Bolesław Cybis and Jan Zamoyski,
Polish Sky, 1939
Photo: Urząd Marszałkowski Województwa Pomorskiego

From 1934 Cybis focused mainly on monumental painting. Together with Jan Zamoyski, in the years 1934-1937 he created the fresco “Bolesław Chrobry marking the boundaries of Poland on the Odra river”, and in the years 1937-1939, the ceiling “Polish Sky” in the auditorium of the Gdańsk’s Józef Piłsudski School of the Motherland. In 1936, he made relief decorations with African motifs for the bar on the transatlantic liner Batory. In 1937 he received an honorary diploma for his “Abundance” fresco, which decorated the Polish pavilion at the world exhibition of Art and Technology in Paris.

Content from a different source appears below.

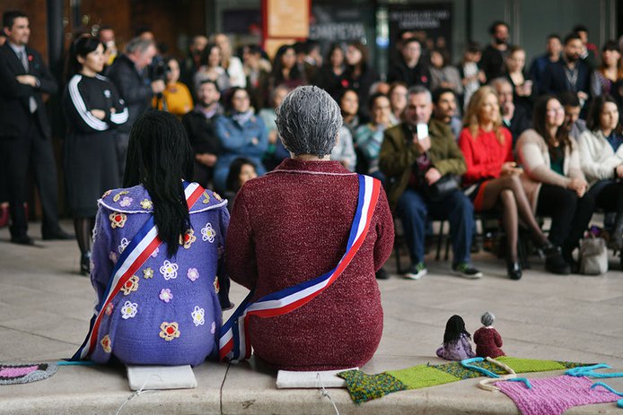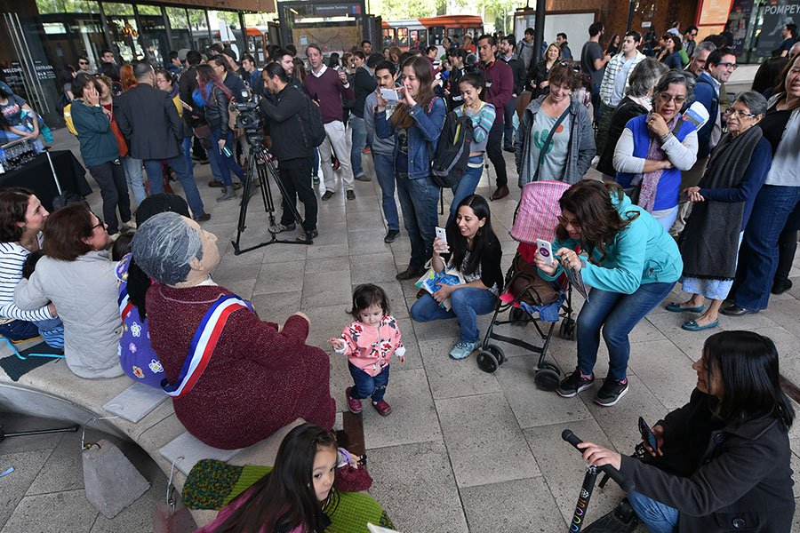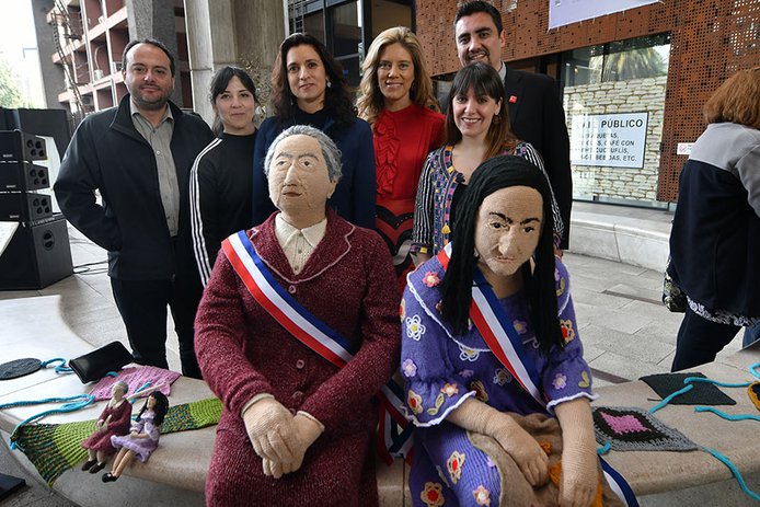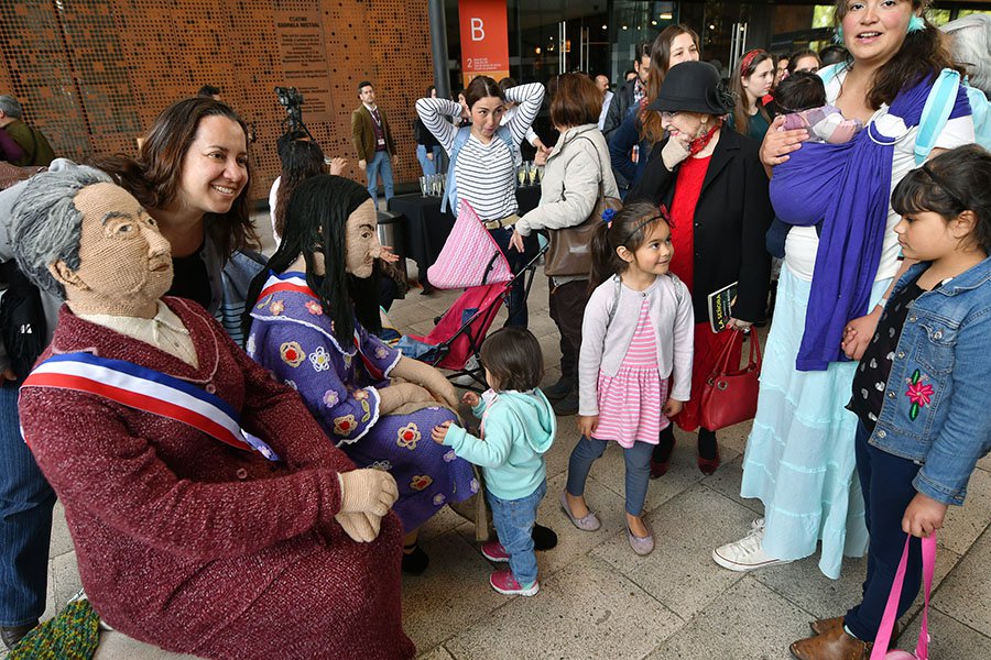 Tejidas a crochet y palillo por la artista Macarena Ahumada, las figuras serán las nuevas anfitrionas del centro cultural. Sentadas en su plaza central, esperan desde hoy interactuar con los visitantes. Las acompañará una edición del Artes y Letras de El Mercurio, impreso en tela, donde se revela una candente entrevista y respuestas reales declaradas por ellas en canciones, décimas, libros y textos.

Bolesław Cybis’s paintings are characterized by a telltale display of structural elements and exquisite drawing. The originality of his works is highlighted by his illusionism paired with the frequent ugliness of the people portrayed. The artist employed national motifs perfectly and transposed them to the canon of contemporary European art, which emphasized the return to order and to decorative art with a realistic penchant. Bolesław Cybis’s painting stood out against that of the other Lukians. For he was the only one who hearkened to magical realism. The figures from his paintings depict an upended reality frozen in time – what at first glance seems ugly, becomes beautiful and sublime in its perfection.